**Task**
After locating "The box is constructed" in the listing below, copy that line and each one after it exactly, ending with the line that has "بدأت فعاليات الاحتفال".

**Exercise input**
====================

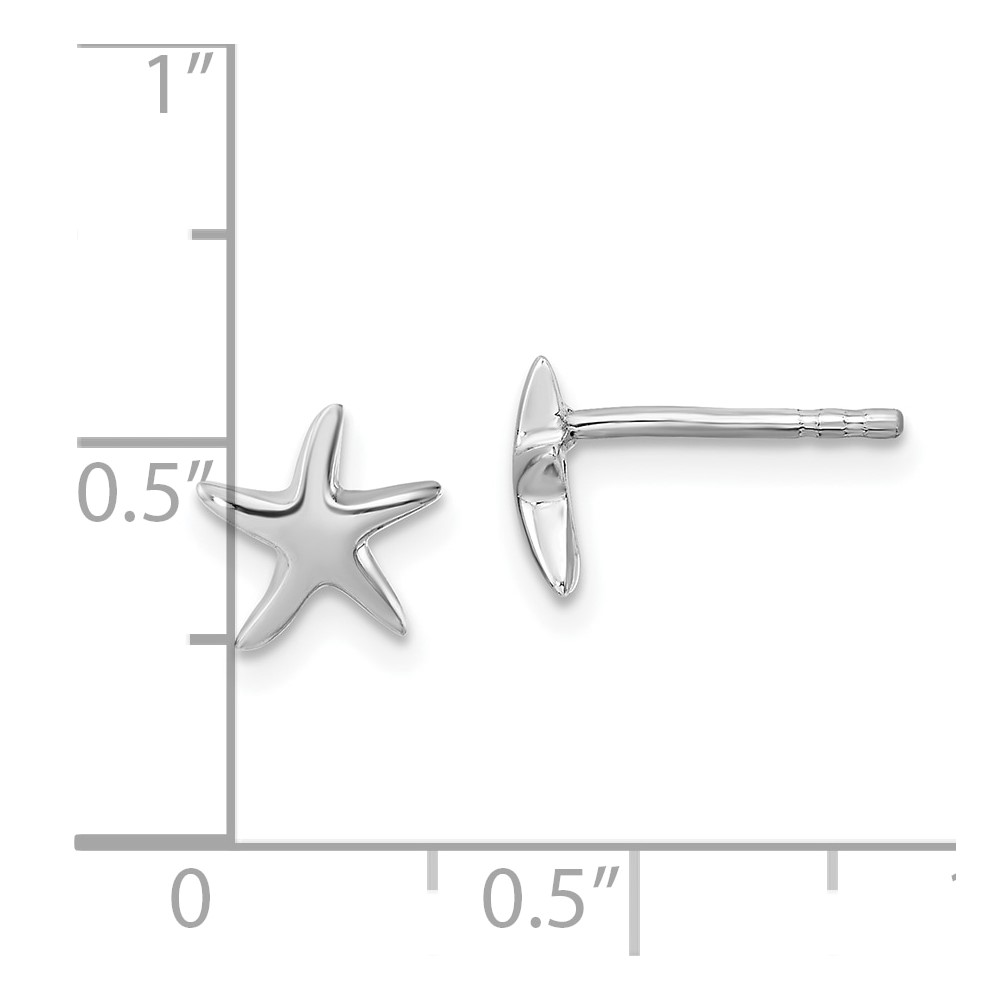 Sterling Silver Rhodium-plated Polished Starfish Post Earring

====================

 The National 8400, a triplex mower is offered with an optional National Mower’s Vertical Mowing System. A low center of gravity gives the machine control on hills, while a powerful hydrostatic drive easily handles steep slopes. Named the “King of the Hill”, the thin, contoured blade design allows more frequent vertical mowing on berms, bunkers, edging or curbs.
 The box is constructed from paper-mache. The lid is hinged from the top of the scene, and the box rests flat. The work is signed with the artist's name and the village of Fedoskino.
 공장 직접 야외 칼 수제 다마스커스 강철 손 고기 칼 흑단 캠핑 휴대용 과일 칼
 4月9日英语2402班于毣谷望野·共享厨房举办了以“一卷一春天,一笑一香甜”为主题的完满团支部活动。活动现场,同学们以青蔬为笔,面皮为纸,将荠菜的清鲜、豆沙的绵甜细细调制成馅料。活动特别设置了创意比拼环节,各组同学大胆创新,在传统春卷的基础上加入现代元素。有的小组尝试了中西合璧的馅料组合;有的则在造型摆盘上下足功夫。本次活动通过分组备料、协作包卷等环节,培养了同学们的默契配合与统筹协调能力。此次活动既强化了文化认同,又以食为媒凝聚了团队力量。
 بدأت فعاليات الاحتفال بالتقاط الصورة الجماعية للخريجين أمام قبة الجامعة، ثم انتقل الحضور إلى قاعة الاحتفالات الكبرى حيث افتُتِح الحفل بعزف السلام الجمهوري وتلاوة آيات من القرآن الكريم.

====================

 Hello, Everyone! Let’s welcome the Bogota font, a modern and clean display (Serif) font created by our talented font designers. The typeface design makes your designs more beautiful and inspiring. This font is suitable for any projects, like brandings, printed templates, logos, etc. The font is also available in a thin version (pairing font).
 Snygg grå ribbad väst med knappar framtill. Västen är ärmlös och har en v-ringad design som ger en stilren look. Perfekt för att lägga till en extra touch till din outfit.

====================

**Exercise result**
 The box is constructed from paper-mache. The lid is hinged from the top of the scene, and the box rests flat. The work is signed with the artist's name and the village of Fedoskino.
 공장 직접 야외 칼 수제 다마스커스 강철 손 고기 칼 흑단 캠핑 휴대용 과일 칼
 4月9日英语2402班于毣谷望野·共享厨房举办了以“一卷一春天,一笑一香甜”为主题的完满团支部活动。活动现场,同学们以青蔬为笔,面皮为纸,将荠菜的清鲜、豆沙的绵甜细细调制成馅料。活动特别设置了创意比拼环节,各组同学大胆创新,在传统春卷的基础上加入现代元素。有的小组尝试了中西合璧的馅料组合;有的则在造型摆盘上下足功夫。本次活动通过分组备料、协作包卷等环节,培养了同学们的默契配合与统筹协调能力。此次活动既强化了文化认同,又以食为媒凝聚了团队力量。
 بدأت فعاليات الاحتفال بالتقاط الصورة الجماعية للخريجين أمام قبة الجامعة، ثم انتقل الحضور إلى قاعة الاحتفالات الكبرى حيث افتُتِح الحفل بعزف السلام الجمهوري وتلاوة آيات من القرآن الكريم.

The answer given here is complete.